First, its major provision concerns persons not on U.S. soil. Constitutional protections were never intended to extend to cover wholly foreign intelligence gathering for national security purposes. Further, this surveillance relies on the same minimization procedures that have always applied to reduce the intrusion on the privacy interests of Americans who (whether wittingly or unwittingly) communicate with suspected terrorists or other enemy soldiers.
The act also wisely extended prospective immunity to communications providers that have worked with U.S. intelligence services to facilitate intelligence gathering for national security. With 40 or more civil lawsuits already filed against these providers for their cooperation, Congress should take the logical, fair step and provide retroactive immunity as well.
The bill ultimately should go further and expressly authorize the President to use his constitutional authority to conduct the intelligence gathering at home and abroad necessary to protect America from future terrorist attacks. That, however, is most likely a debate for another day.

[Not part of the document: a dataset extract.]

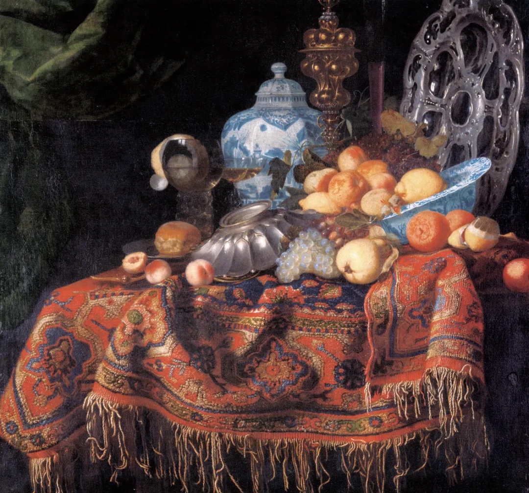 威廉·卡尔夫是荷兰黄金时代杰出的静物画家。他的许多作品属于奢华静物画,着重表现各种材质的华丽器皿。 画中的青花盖碗可能用作糖罐,这件盖碗和地毯无疑是东方舶来品,玻璃杯和银盘价值不菲,就连柠檬和酸橙在当时也是带有异域色彩的奢侈水果。许多17世纪中叶的静物画都呈现这样的组合,似乎再现了富人宅第的一隅,这类作品在荷兰风靡一时。

For now, Congress should make the provisions of the Protect America Act permanent and let the government get back to the business of stopping terrorists before they attack.
James Jay Carafano, Ph.D., is Assistant Director of the Kathryn and Shelby Cullom Davis Institute for International Studies and Senior Research Fellow for National Security and Homeland Security in the Douglas and Sarah Allison Center for Foreign Policy Studies at The Heritage Foundation. Robert Alt is Deputy Director of, and Andrew M. Grossman is Senior Legal Policy Analyst in, the Center for Legal and Judicial Studies at The Heritage Foundation.